Hamburg. Die HSV-Mannschaft lebte von ihrer Geschlossenheit. Die individuellen Bewertungen fallen aber sehr verschieden aus.
Bruno Labbadia ist urlaubsreif. Fast ein Jahr nach der dramatischen Rettung in der Relegation liegt hinter dem HSV-Trainer eine vergleichsweise ruhige, aber keinesfalls entspannte und sorgenfreie Saison. „Ich will und muss mich ein paar Tage rausnehmen“, sagte Labbadia am Montag. Noch ist es aber nicht so weit. Während die Nationalspieler auf Reisen gehen, lässt der Rest des Teams die Saison mit einigen Testspielen ausklingen. Zumindest die Relegationstermine kann das Team in diesem Jahr anders gestalten. Zeit, ein Zeugnis auszustellen.
TORHÜTER
René Adler (24 Spiele/0 Tore): Machte einige Male deutlich, warum er einst Deutschlands Nummer eins war. Machte mit drei Zwangspausen aber ebenso deutlich, warum der HSV weiterhin eine starke Nummer zwei braucht.

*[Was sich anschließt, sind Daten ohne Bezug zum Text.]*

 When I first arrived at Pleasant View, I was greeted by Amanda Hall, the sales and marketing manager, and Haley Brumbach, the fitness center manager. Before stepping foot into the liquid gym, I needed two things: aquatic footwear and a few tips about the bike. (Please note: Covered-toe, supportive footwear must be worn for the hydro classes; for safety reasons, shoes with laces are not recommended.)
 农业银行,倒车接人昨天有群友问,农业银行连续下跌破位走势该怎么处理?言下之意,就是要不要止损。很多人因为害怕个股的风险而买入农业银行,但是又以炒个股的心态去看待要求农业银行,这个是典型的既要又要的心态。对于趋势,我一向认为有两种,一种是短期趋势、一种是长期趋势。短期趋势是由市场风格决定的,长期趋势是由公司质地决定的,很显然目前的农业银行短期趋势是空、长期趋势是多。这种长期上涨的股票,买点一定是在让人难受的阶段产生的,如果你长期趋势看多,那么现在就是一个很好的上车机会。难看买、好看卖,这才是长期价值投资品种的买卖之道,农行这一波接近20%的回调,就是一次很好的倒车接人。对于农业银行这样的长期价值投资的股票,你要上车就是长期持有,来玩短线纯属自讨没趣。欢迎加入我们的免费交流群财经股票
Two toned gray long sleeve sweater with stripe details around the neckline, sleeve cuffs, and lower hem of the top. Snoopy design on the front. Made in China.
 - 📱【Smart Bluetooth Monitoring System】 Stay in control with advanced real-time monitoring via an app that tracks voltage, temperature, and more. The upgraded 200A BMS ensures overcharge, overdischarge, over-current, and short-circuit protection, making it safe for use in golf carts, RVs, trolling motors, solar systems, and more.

Jaroslav Drobny (10/0): Machte als starke Nummer zwei deutlich, dass er eine echte Eins ist. Sein Abgang zum Abschied war dann aber eine glatte Sechs.
Andreas Hirzel (1/0): So plötzlich, wie er als Nummer drei zum HSV kam, so plötzlich war er beim Spiel in Köln die Eins. Deutete dabei an, dass er eine starke Nummer zwei werden kann.

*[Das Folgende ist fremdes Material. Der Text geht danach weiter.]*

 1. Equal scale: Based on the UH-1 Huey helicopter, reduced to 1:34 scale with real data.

Tom Mickel (1/0): Wohl dem, der so eine starke Nummer vier hat. Sein Auftritt in Augsburg verdiente die Note „Zwei“.
ABWEHR
Gotoku Sakai (22/0): Das 700.000-Euro-Schnäppchen aus Stuttgart schnappte sich nach schwerem Start einen Stammplatz und bereicherte das oft spröde HSV-Spiel mit geschmeidigen Offensivaktionen.
Dennis Diekmeier (22/0): Erlebte innerhalb eines Jahres seine wohl stärkste und schwerste Zeit in Hamburg. Zumindest machte er alles richtig, als er zum Zeitpunkt der guten Phase seinen neuen Vertrag bis 2018 unterschrieb.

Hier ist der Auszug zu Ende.